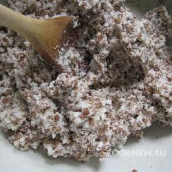 Отделите желтки от белков. Желтки взбейте до белесой пены, добавьте в гречку с творогом.
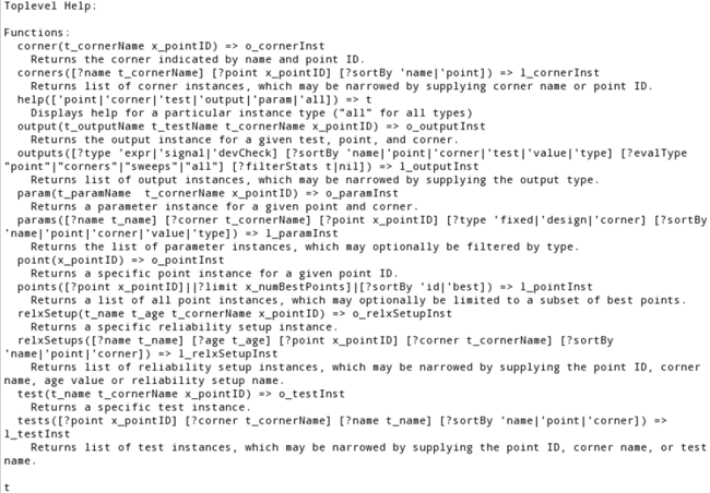 In addition, the result database provides a function help() for each object of the above mentioned types to displays the list and description of functions that can be called using that particular object. For example, function call help('corner) displays a list of all the functions that can be called using an object of type corner. help('all) displays help for all the object types.
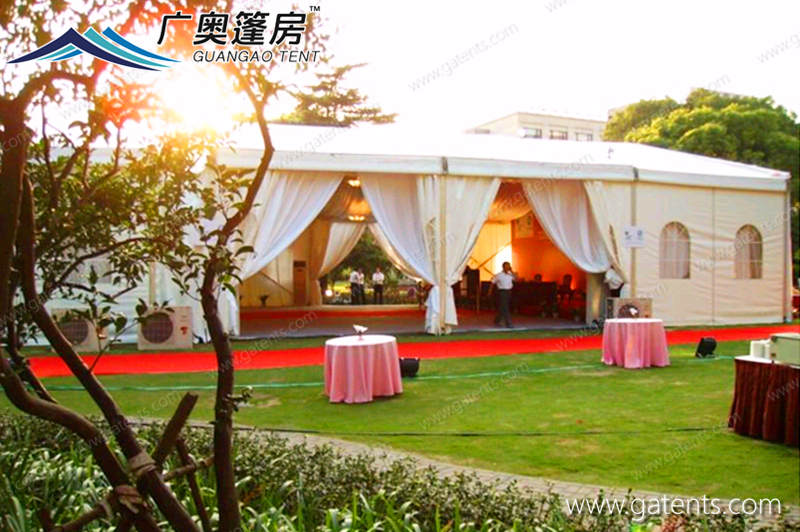 廣奧篷房廠家的婚禮篷房,完全可方便拆卸,很短的時間內可快速安裝,使用壽命長達20多年,室內配套齊全,篷房結構穩(wěn)固耐用,對場地無限制。如想了解更多婚慶篷房的主要內容,歡迎聯(lián)系在線客服。
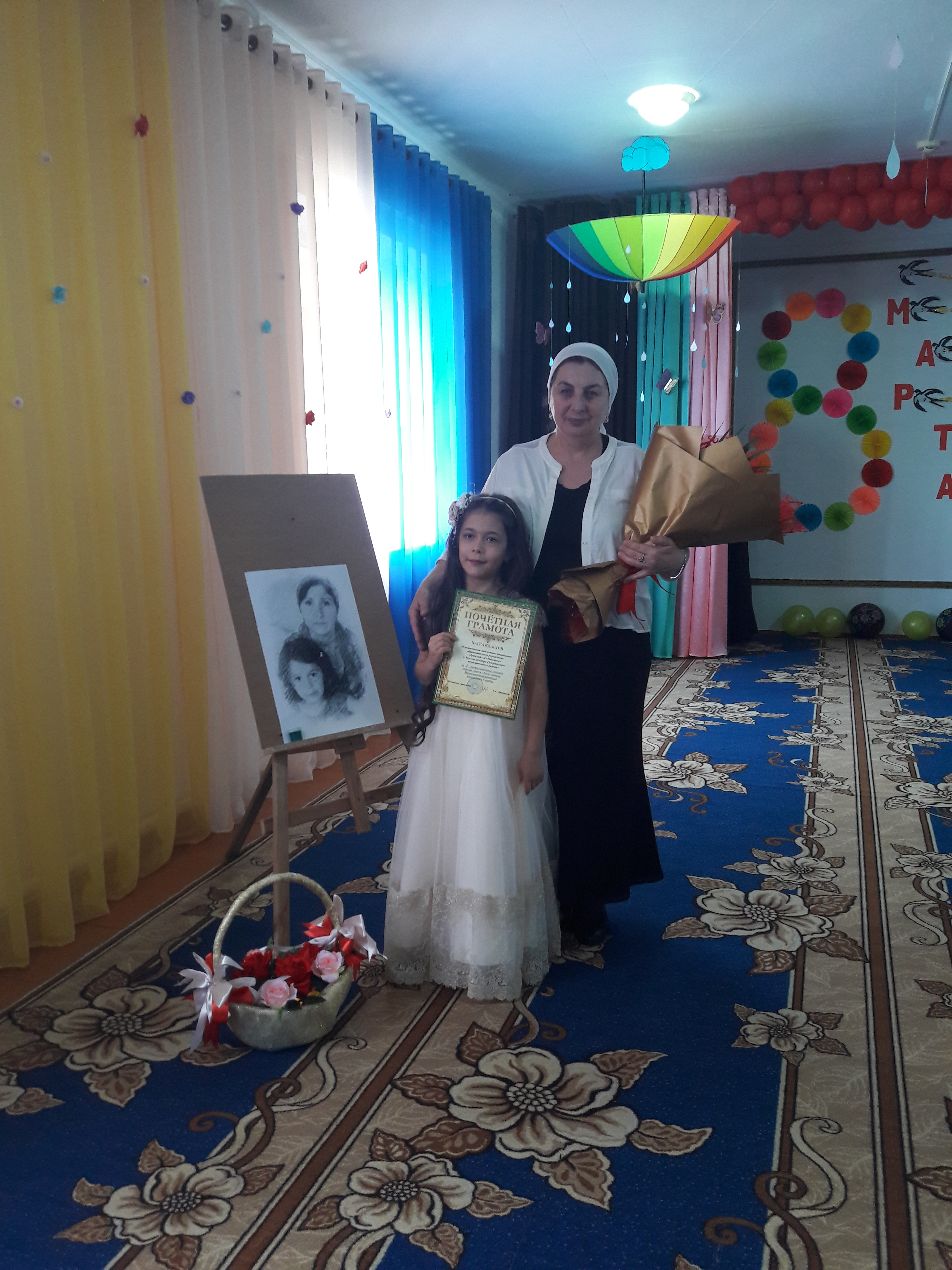 В МБДОУ Детский сад "Седарчий" с. Н. Нойбера Гудермесского муниципального района, проходил конкурс "Весна пришла - Мамин праздник принесла" между детскими садами Гудермесского района, где участвовали детские коллективы из шести муниципальных детских садов: МБДОУ "Детский сад "Улыбка" с. Кошкельды, МБДОУ "Детский сад "Родничок" с. В. Нойбера, МБДОУ "Детский сад "Солнышко" с. Н. Нойбер, МБДОУ "Детский сад "Седарчий" с. Н. Нойбер, "Даймохк" с. Гордали, "Ласточка" с. Ишхой-Юрт. Наша воспитанница Джанаралиева Мархет представила стихотворение "Говорил нерожденный ребенок". Жюри не смогли выбрать лучшего из лучших и решили всех участников наградить 1 местом.
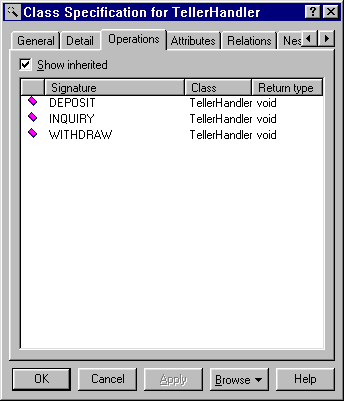 Once we add the operations to a class, the operations show up on the Operations tab of the Class Specification dialog for that class. Figure 2-8 shows the operations for our TellerHandler Class.
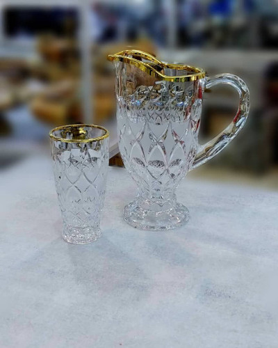 پارچ و لیوان کریستال 😍 ۶عدد لیوان و ۱ عدد پارچ لب طلا😍 ساخت ترکیه اصل✅
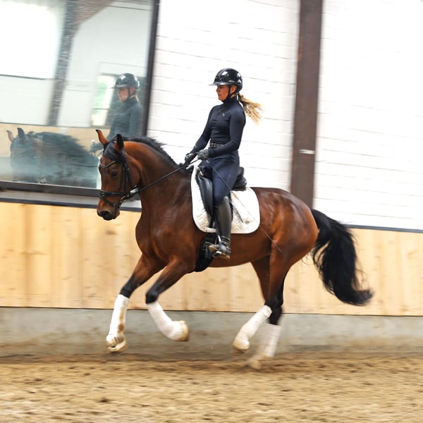 Deze prachtige merrie overtuigt door haar onverslaanbare uitstraling en veel kwaliteit. Ze wordt momenteel op L/M niveau gereden. Ze toont een zeer goede, ruime stap, een mechanische draf met overtuigend achterbeen, en een bergopwaartse galop over sprongen. Een recent, goedgekeurd TÜV met hals en rug ligt ter inzage. In omgang zeer braaf, onder het zadel zeer rijdig maar fijn en elektrisch. Ze laat zich ook rustig met een zadelpad berijden en staat open voor plezierritten. Toch geen paard voor af en toe rijden, maar een paard voor de ambitieuze, sportief fijn rijdende, zelfverzekerde ruiter. https://youtube.com/shorts/9_FZxDMXi2g?si=yA8uzjs--h8A8sFF Meer informatie en video's onder: 0177 275 9886
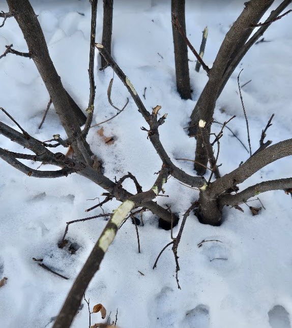 So what’s the lesson? The first is that there’s more than one lesson. The second lesson is that, in spite of “rabbit resistance’, a hungry rabbit will eat whatever they can. The third lesson is that small shrubs, resistant or not, should be protected with hardware cloth. The fourth lesson is that we cannot cover all the bases when preparing for winter. For example, I don’t believe there were any meteorologists saying that the cold stretch of Winter 2025/26 would be so brutal.
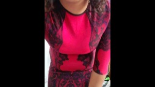Wearing a red dress and playing with my tight hairy squirting pussy
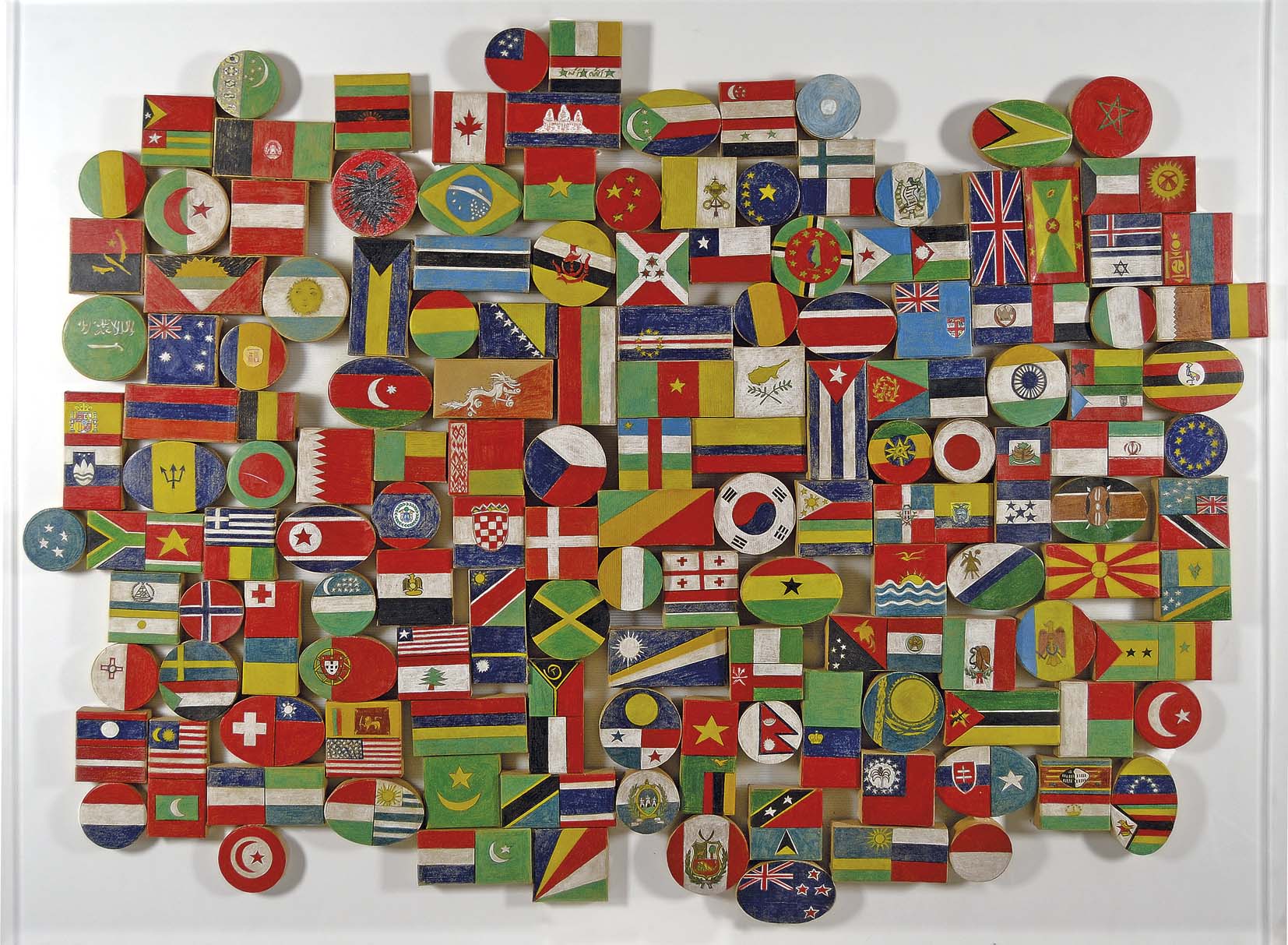 PEZZI PAOLA Brescia 1963 Bandiere disegnate a matita del mondo 2009 matite colorate su cartone 115x154,5 firma data e titolo al retro autentica dell'Autore su foto "Così forte Arte al femminile nell'età contemporanea" Padiglione delle Arti Marcon VE 2015 - etichetta al retro
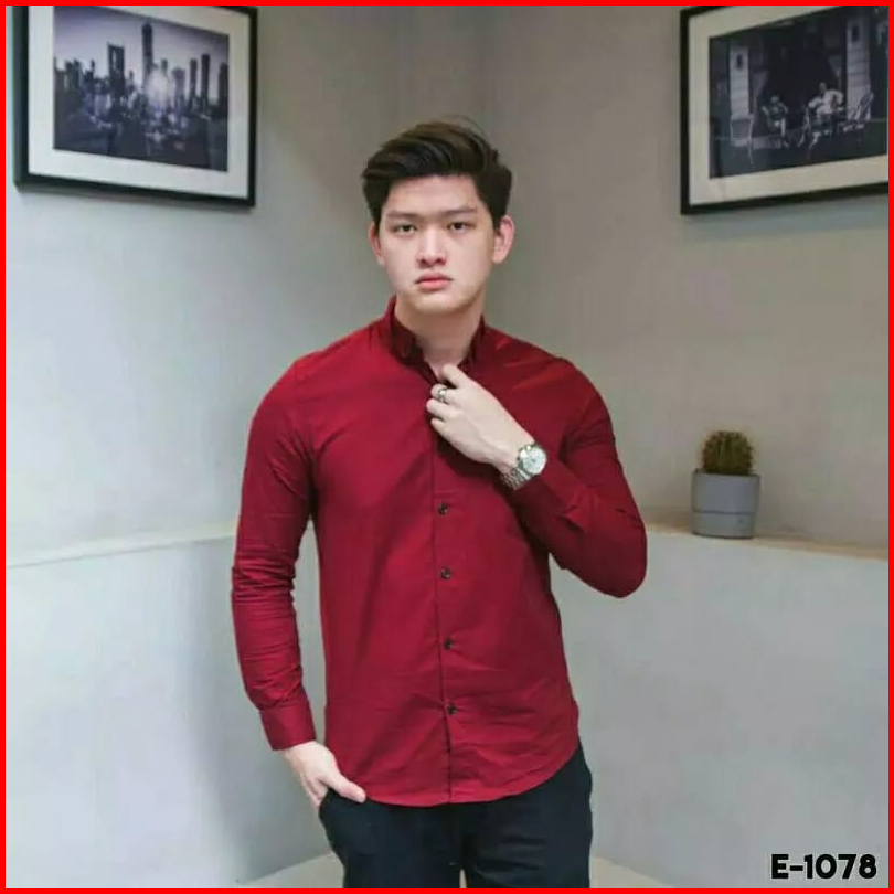 Kemeja Cowok Polos Pria Lengan Panjang Slimfit Hem Pria Kantor Hitam Navy Putih Maron Army
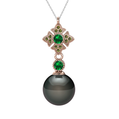 Siyah inci, yeşil kuvars ve peridot 8 ayar rose altın kolye (40 cm beyaz altın rolo zincir)
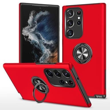 Hybrid telefonveske overalt med ringformet støttedesign til Samsung Galaxy S23 Ultra - Rød Integrert ringholder muliggjør enkel enhåndsbetjening, kan også fungere som et 360-graders roterende stativ Innebygde CD-årer metallplate kan festes til magnetisk bilholder (ikke inkludert) Spesialdesigninteriør for varmeavledning Lukkede knapper, støvdeksel og smussbeskyttelse Beskytt baksiden av telefonen mot riper Kompatibel med: Samsung Galaxy S23 Ultra Pakke Inkluderer: 1 x Finger Kickring Stå
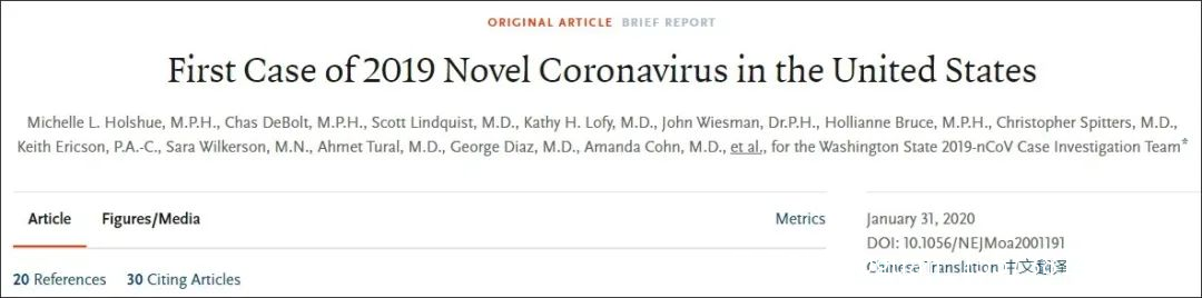 2020年1月21日,美國疾控中心公佈了美國境內第一例新型冠狀病毒感染的肺炎病例。該病例為一名30歲男性,在華盛頓州西雅圖市斯諾霍米什縣。
++++++++
Beginning with the first line of the entries above, repeat each line word for word until the line with "廣奧篷房廠家的婚禮篷房,完全" has been given too. Omit the pictures.

 Отделите желтки от белков. Желтки взбейте до белесой пены, добавьте в гречку с творогом.
 In addition, the result database provides a function help() for each object of the above mentioned types to displays the list and description of functions that can be called using that particular object. For example, function call help('corner) displays a list of all the functions that can be called using an object of type corner. help('all) displays help for all the object types.
 廣奧篷房廠家的婚禮篷房,完全可方便拆卸,很短的時間內可快速安裝,使用壽命長達20多年,室內配套齊全,篷房結構穩(wěn)固耐用,對場地無限制。如想了解更多婚慶篷房的主要內容,歡迎聯(lián)系在線客服。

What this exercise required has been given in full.